Constraints (enforced by Pydantic validators):

  • Width and height must be divisible by 8 (VAE spatial compression)
  • Frame count must satisfy 1 + 4k where k >= 0 (VAE temporal compression): 1, 5, 9, 13, ..., 49, ..., 81

Additional options

  • --limit N -- Build only the first N samples (useful for quick testing)
  • --lit-style darken (default) or --lit-style red_border -- How the correct answer is highlighted

Requirements

  • ffmpeg must be on the system PATH (used to compile frames into MP4 video)

Output format (VBVR-compatible)

All outputs follow the VBVR DataFactory directory convention:

questions/
└── M-1_corecognition_data-generator/
    ├── clip_config.json
    └── corecognition_task/
        ├── corecognition_0000/
        │   ├── first_frame.png          # rendered frame 0 (no answer highlight)
        │   ├── prompt.txt               # question + choices + answer (plain text)
        │   ├── final_frame.png          # rendered last frame (answer fully highlighted)
        │   ├── ground_truth.mp4         # full clip with progressive answer reveal
        │   └── original/
        │       ├── question.json        # structured metadata (Pydantic)
        │       └── <source_image>.png   # raw VQA image from dataset
        ├── corecognition_0001/
        │   └── [same structure]
        └── ...

Structure breakdown (VBVR convention):

  • Root: questions/ -- all generated data
  • Generator: {generator_id}_{name}_data-generator/ -- e.g. M-1_corecognition_data-generator/
  • Task: {name}_task/ -- task-specific directory
  • Instances: {name}_{NNNN}/ -- individual samples with 4-digit zero-padded indices
  • VBVR files: first_frame.png and prompt.txt are required; final_frame.png and ground_truth.mp4 are optional
  • original/ -- video-mcp extra: preserves source data for traceability (invisible to VBVR validator)

Frame layout

Each frame uses a two-column panel (image on left, question + choices on right) with A/B/C/D answer boxes in the four corners of the frame.

  • first_frame.png (frame 0): Question panel visible, no answer highlighted.
  • final_frame.png (last frame): Correct answer fully highlighted.
  • ground_truth.mp4: Full clip -- progressive answer reveal across all frames.
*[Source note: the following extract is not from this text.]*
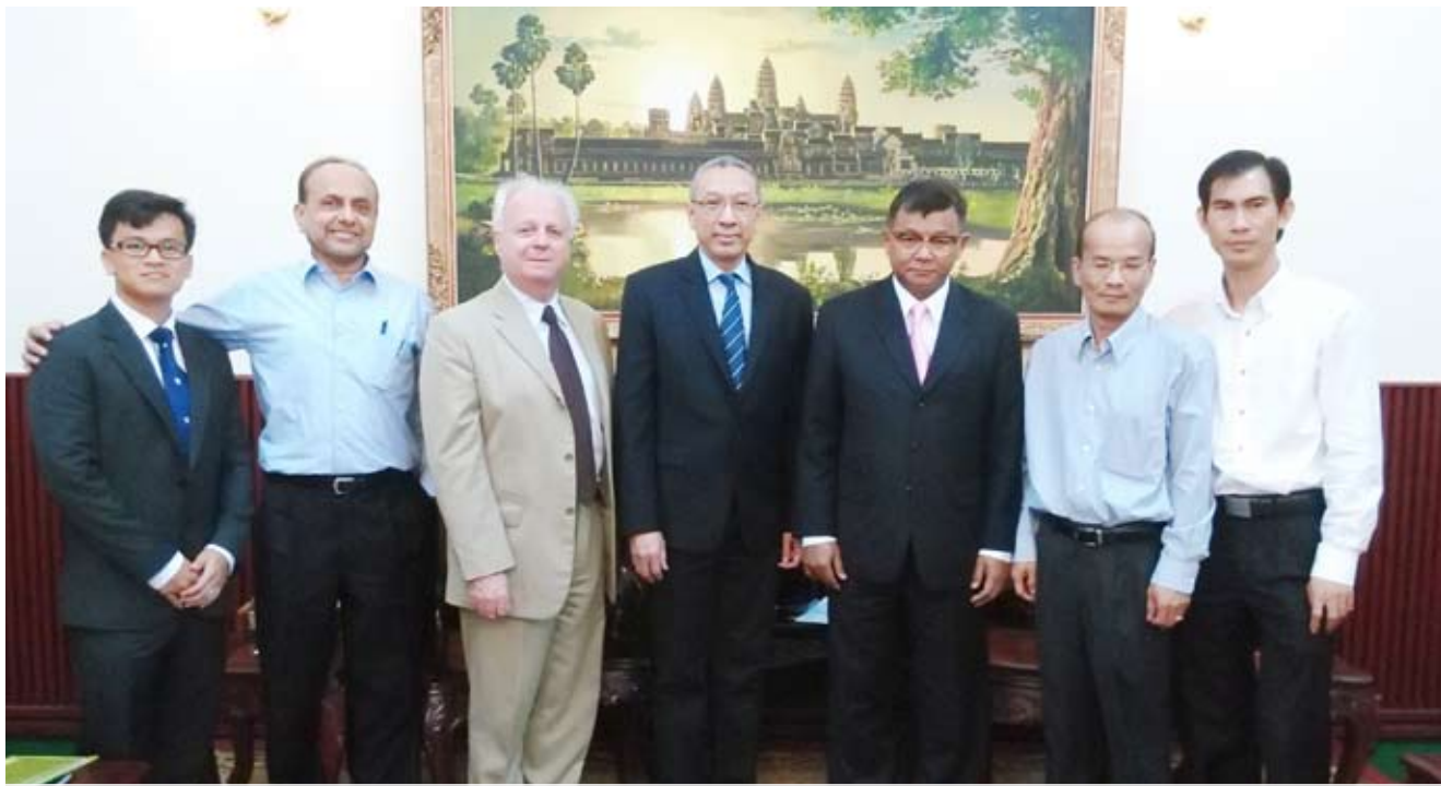
A senior CDRI management team pays a courtesy visit to the Minister of Education, Phnom Penh Dec 2014

local adaptive capacities to climate change and for improving Cambodia’s overall water governance.

Highlight styles (--lit-style)

Style Effect
darken (default) Correct corner box gradually darkens
red_border Thick red outline gradually appears around the correct corner box

prompt.txt format

What color is the object in the image?

A: Red
B: Blue
C: Green
D: Yellow

Answer: A

Registered generators

Generator ID Name Dataset HF Source
M-1 corecognition CoreCognition williamium/CoreCognition
M-2 scienceqa ScienceQA derek-thomas/ScienceQA
M-3 mathvision MathVision MathLLMs/MathVision
M-4 phyx PhyX Cloudriver/PhyX

See docs/DATASET.md for detailed status and commands per dataset.

Adding a new dataset

Every dataset lives in its own file under video_mcp/datasets/. The generic processing pipeline (process/), CLI, and all build scripts work with any dataset automatically -- you never need to touch them.

1. Create the adapter file

Create video_mcp/datasets/<name>.py (e.g. video_mcp/datasets/mydataset.py).

Your file must define a class that inherits from DatasetAdapter and implements four methods:

Method Purpose
name (property) Short slug used in --dataset flags, e.g. "scienceqa"
generator_id (property) VBVR-style prefix, e.g. "M-2"
download(*, out_dir) Download the raw data and return the local path
iter_mcqa_vqa() Yield (McqaVqaSample, image_bytes) pairs

Minimal skeleton:

from __future__ import annotations

from pathlib import Path
from typing import Iterator

from video_mcp.process.adapter import (
    DatasetAdapter,
    McqaVqaSample,
    register_adapter,
)


@register_adapter("scienceqa")
class ScienceQaAdapter(DatasetAdapter):

    @property
    def name(self) -> str:
        return "scienceqa"

    @property
    def generator_id(self) -> str:
        return "M-2"

    def download(self, *, out_dir: Path) -> Path:
        # Download or locate the raw data; return the artifact path.
        ...

    def iter_mcqa_vqa(self) -> Iterator[tuple[McqaVqaSample, bytes]]:
        # Yield (sample, image_bytes) for every MCQA-VQA example.
        ...

This would produce output at:

questions/M-2_scienceqa_data-generator/scienceqa_task/scienceqa_0000/

See video_mcp/datasets/corecognition.py for a complete working example, or read the full guide at docs/ADD_DATASET.md.

2. Register it

Open video_mcp/datasets/__init__.py and add one import line:

from video_mcp.datasets import scienceqa as _scienceqa  # noqa: F401

That's it. The new dataset is now available everywhere:

python -m video_mcp.dataset download  --dataset scienceqa
python -m video_mcp.dataset process   --dataset scienceqa

S3 upload

Processed outputs can be synced to S3 for sharing. Prefer attaching an IAM role to your EC2 instance instead of copying access keys.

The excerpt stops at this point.